Стихотворения. Проза - Семёнов Леонид (читать книги бесплатно полностью без регистрации .TXT, .FB2) 📗
В религиозном отношении он давно был — свободомыслящий, не признавал обряда, из-за какой-то обиды на священника, не бывал в церкви, — отвык и вовсе от нее. Попов презирал, да просто и не чувствовал в церкви потребности. Это, в прежние годы, когда народ у нас хотя и по наружности, но все-таки крепко держался за православную церковь, за весь обряд, это соблазняло народ и тоже прибавляло свою долю в недоброжелательстве народа к нему.

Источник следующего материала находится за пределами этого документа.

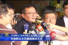 2014-03-18 21:45:56北市長之爭,國民黨昨天(17日)進行市長初選黨內領表,爭取國民黨台北市長提名的從六個人,變成四個人,台北市議員秦慧珠放棄,轉向支持丁守中。而今天(18日),同是國民黨立委的蔡正元,卻爆料競爭對手丁守中,違法收政治獻金,事後卻被丁守中亮出存摺,反將一軍 。
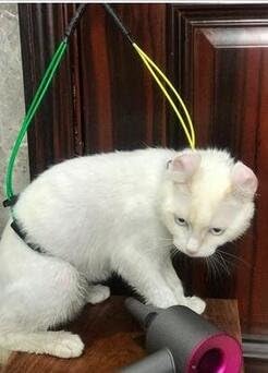 Grooming tool keeps pet standing in comfort and helps control overly or excitable pets from excessive moving
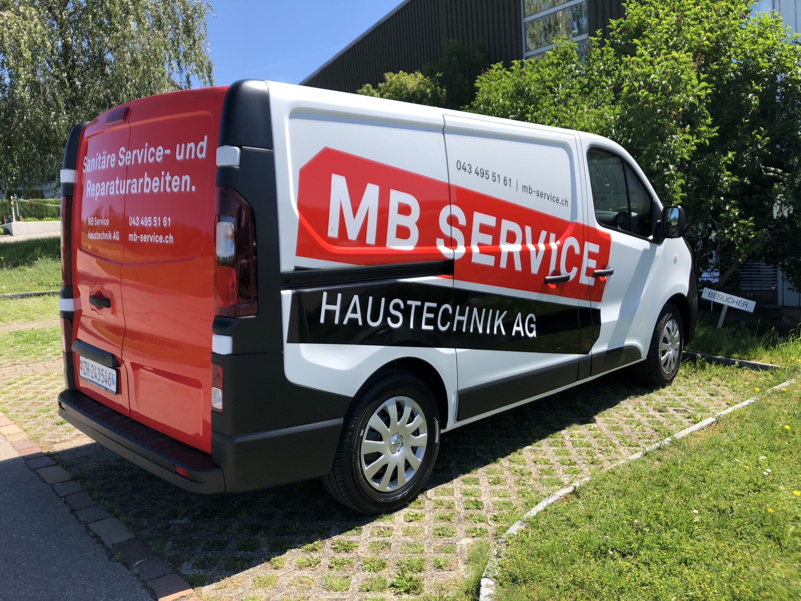 Dr.Aufkleber mit unserem Werbetechnik Team in Aktion. Das Resultat lässt sich zeigen. Die Fahrzeug-Flotte von MB Service Haustechnik ist wieder flott unterwegs …und was hat man davon?
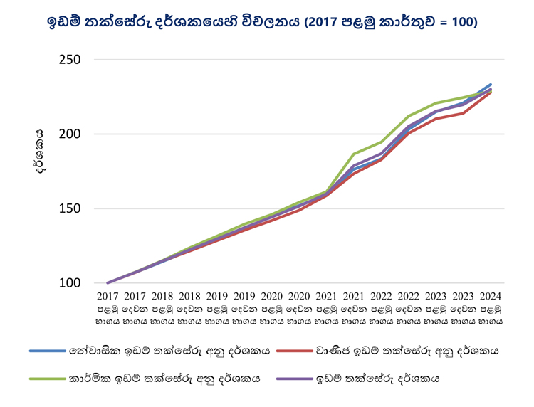 කොළඹ දිස්ත්රික්කයෙහි ඉඩම් තක්සේරු දර්ශකය 2024 වසරේ පළමු භාගයේ දී වාර්ෂික ලක්ෂ්යමය පදනම මත සියයට 6.9 ක වැඩි වීමක් වාර්තා කරන ලදී. මේ සඳහා නේවාසික, වාණිජ හා කාර්මික යන අනු දර්ශක තුනම පිළිවෙළින් සියයට 8.5ක, 8.5ක සහ 3.7ක වාර්ෂික වර්ධනයන් වාර්තා කරමින් දායක වන ලදී. අර්ධ වාර්ෂික පදනමින් ඉඩම් තක්සේරු දර්ශකය සහ එහි අනු දර්ශක…
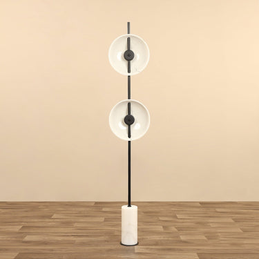 Добавьте драматизма и интереса, а также прекрасного освещения в пространство с помощью этой современной напольной лампы. Основание из цельного мрамора для устойчивости, отделка черная для контраста, а лампы установлены в блюдцеобразных абажурах для яркого света.
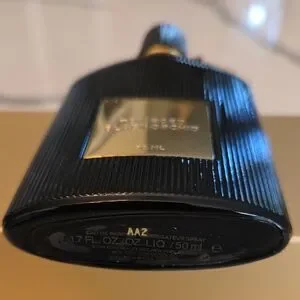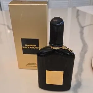 Sophisticated fragrance in a stylish black bottle with gold details. Perfect for elegance.
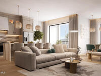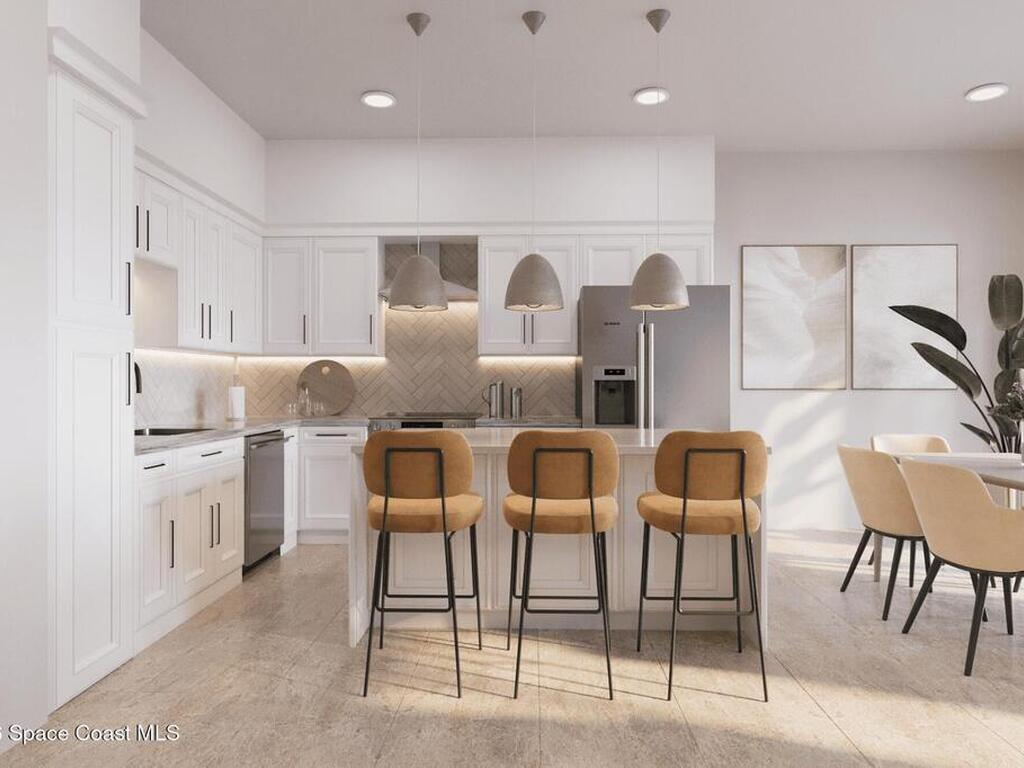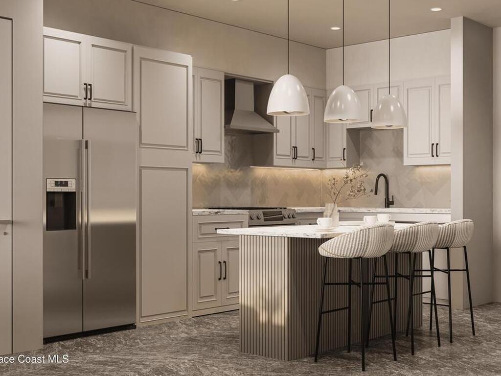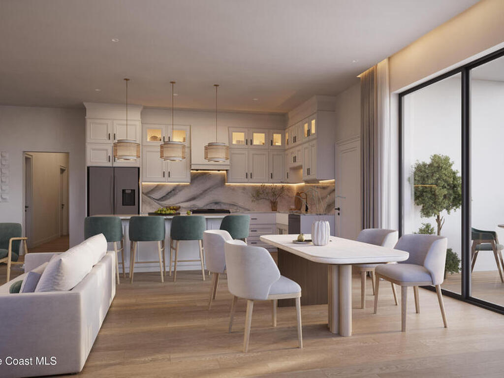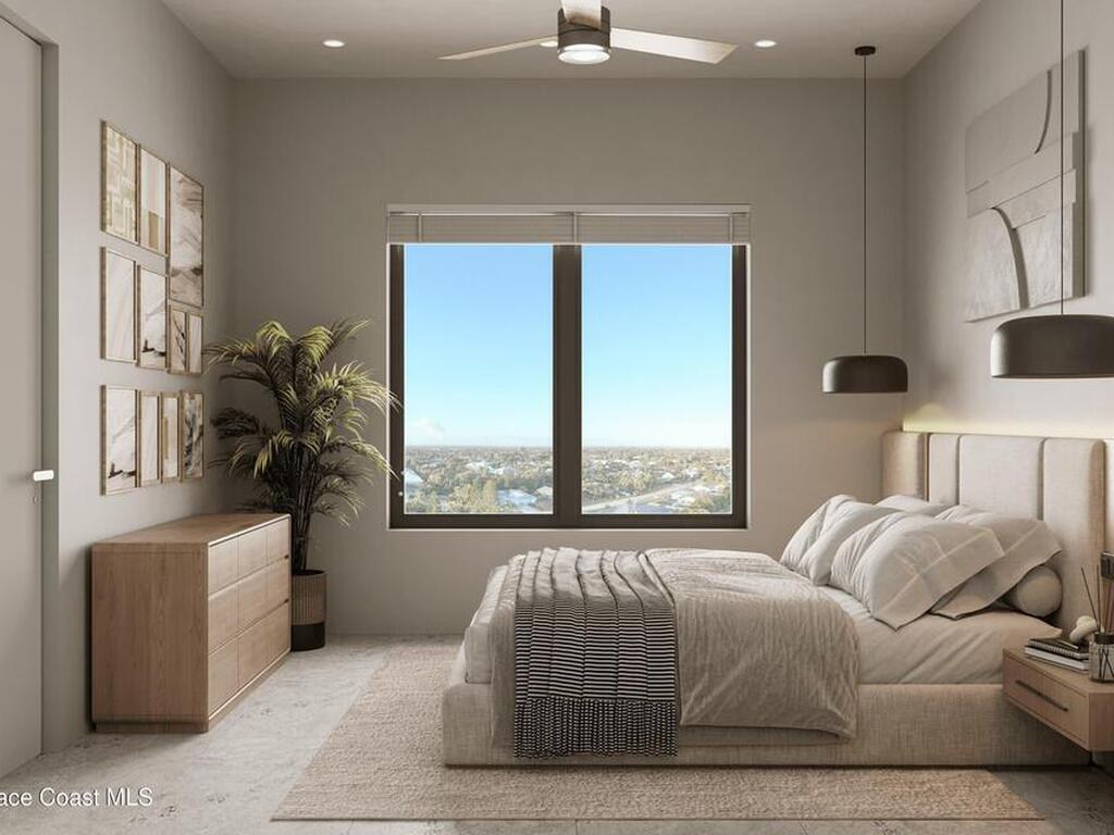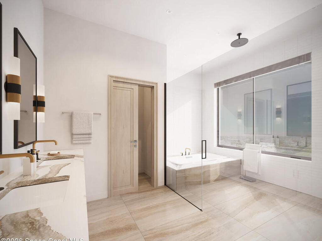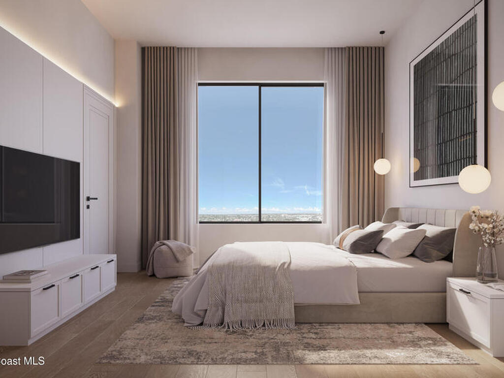 Discover the Trident Residence, a premier mixed use destination situated on the west side of Highway A1A directly across from the beach. Scheduled for completion in 2028, this fourth floor residence features 1, 826 square feet of curated luxury and captures breathtaking southwest sunset views through oversized windows. The three bedroom, two bath floor plan offers a split bedroom design for optimal privacy.Elegant interiors include stone and tile flooring, a kitchen island, and bold architectural lines. The primary suite serves as a tranquil retreat with a separate tub and shower. Step onto the expansive covered terrace to enjoy the coastal ambiance.Residents enjoy access to a resort style pool, sauna, fitness center, clubhouse, and dog park. This gated community features solid concrete construction and elevators. The monthly fee covers all amenities, cable, internet, and building insurance for a worry free lifestyle.
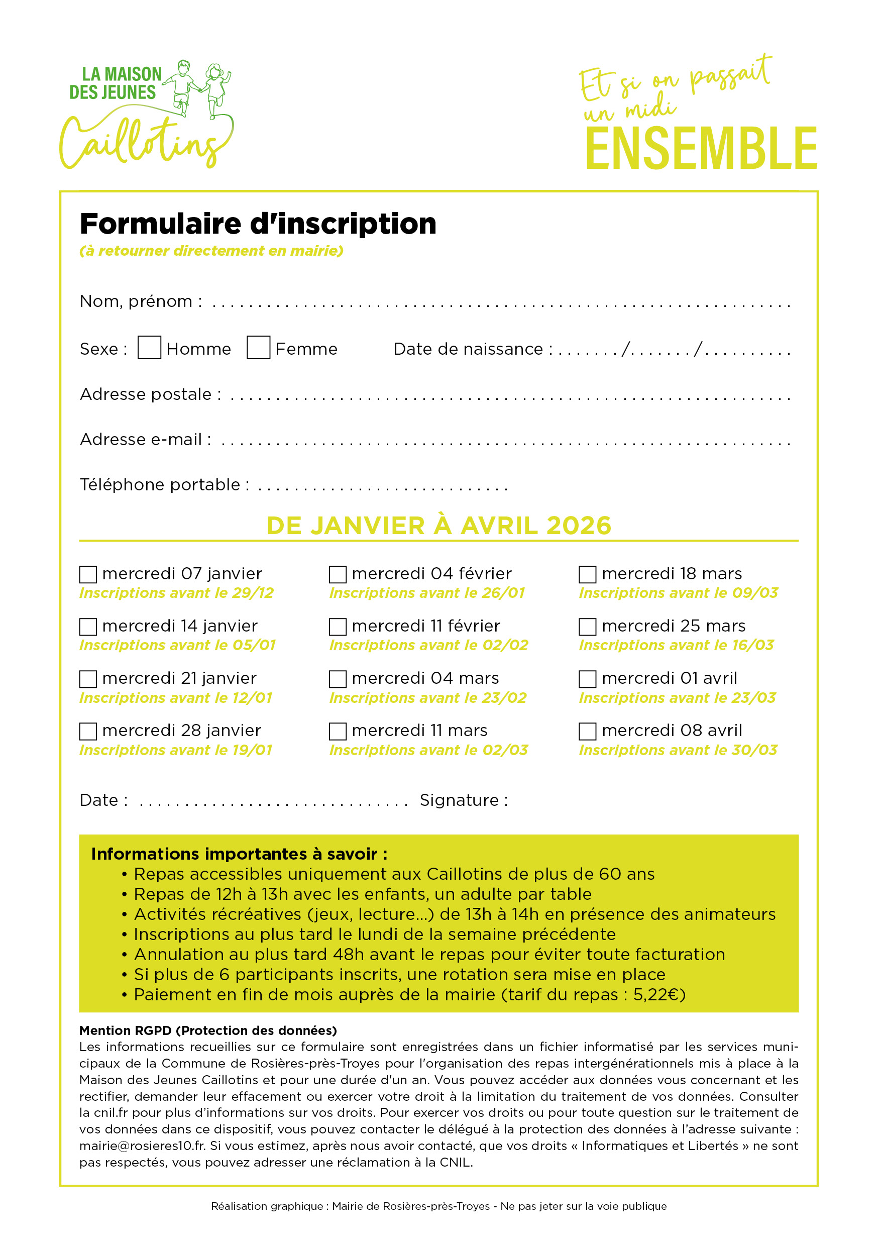 • Participation : 6 adultes (Caillotins de plus de 60 ans obligatoirement) maximum par repas (rotation possible si nombre important d’inscrits)
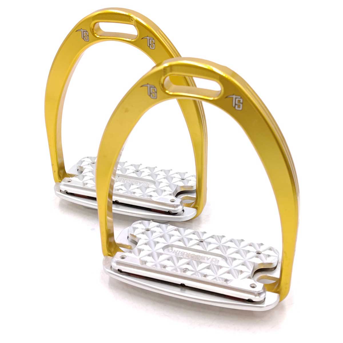 【仕様】 ブランド:TECH STIRRUPS タイプ:Siena シエナ 鐙 重量:ペア約854g カラー:ゴールド サイズ:内側幅約12.5cm×内側高さ約12.5cm×ステップ奥行(突起がある箇所のみ)約5.4cm
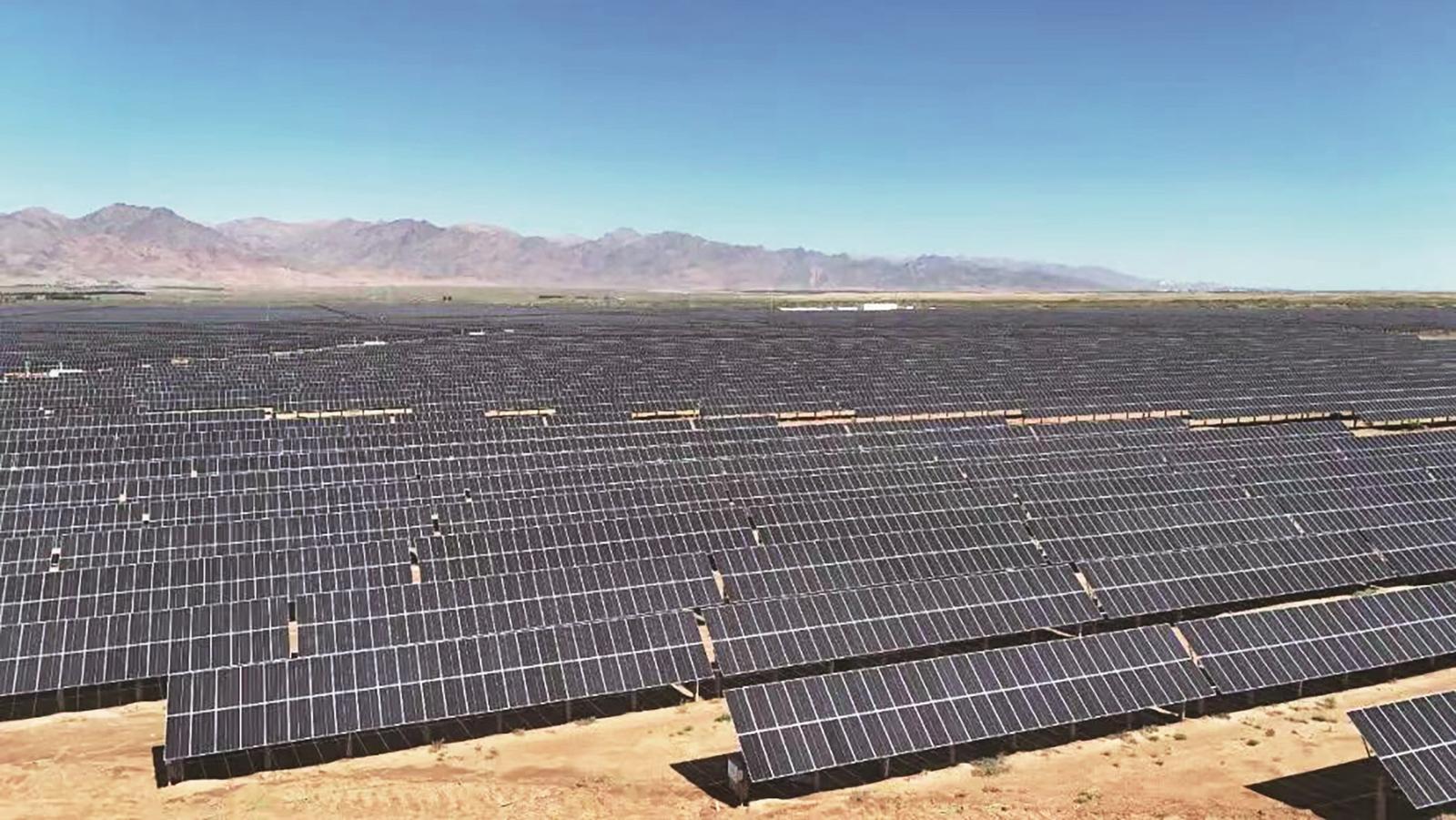 項目位于杭錦后旗太陽廟農(nóng)場與雙廟鎮(zhèn),總投資約11.89億元,占地8648畝,創(chuàng)新采用“板上發(fā)電、板下治沙、樁基固沙”一體化模式,真正實現(xiàn)了清潔能源生產(chǎn)與生態(tài)修復(fù)深度融合,走出了一條“光伏賦能治沙、綠電反哺生態(tài)”的可持續(xù)發(fā)展新路子。

В последние годы я ни разу не чувствовал свободы — откровенно заговорить о вере — с ним, но осторожно все же заговорил с ним о своем личном отношении к православию; П. М. и не высказывался, но все же высказывал несколько раз в том смысле, что верит в существование Бога. Что у народа нет Бога, что народ забыл Бога. Раз говорил очень одушевленно о Христе и Его учении, выше которого нет ничего и т. д. Наконец сетовал на слабое влияние духовенства на народ, об отсутствии дисциплины в самом духовенстве, а когда я ему недавно рассказывал об избрании патриарха в Москве и о трагической обстановке, в которой происходило это избрание, он плакал и говорил, что может быть начнется возрождение Церкви, а отсюда и новая эра в жизни русского народа. Дай Бог. Замечательно, что он Марию Ив<ановну> перед смертью три раза перекрестил.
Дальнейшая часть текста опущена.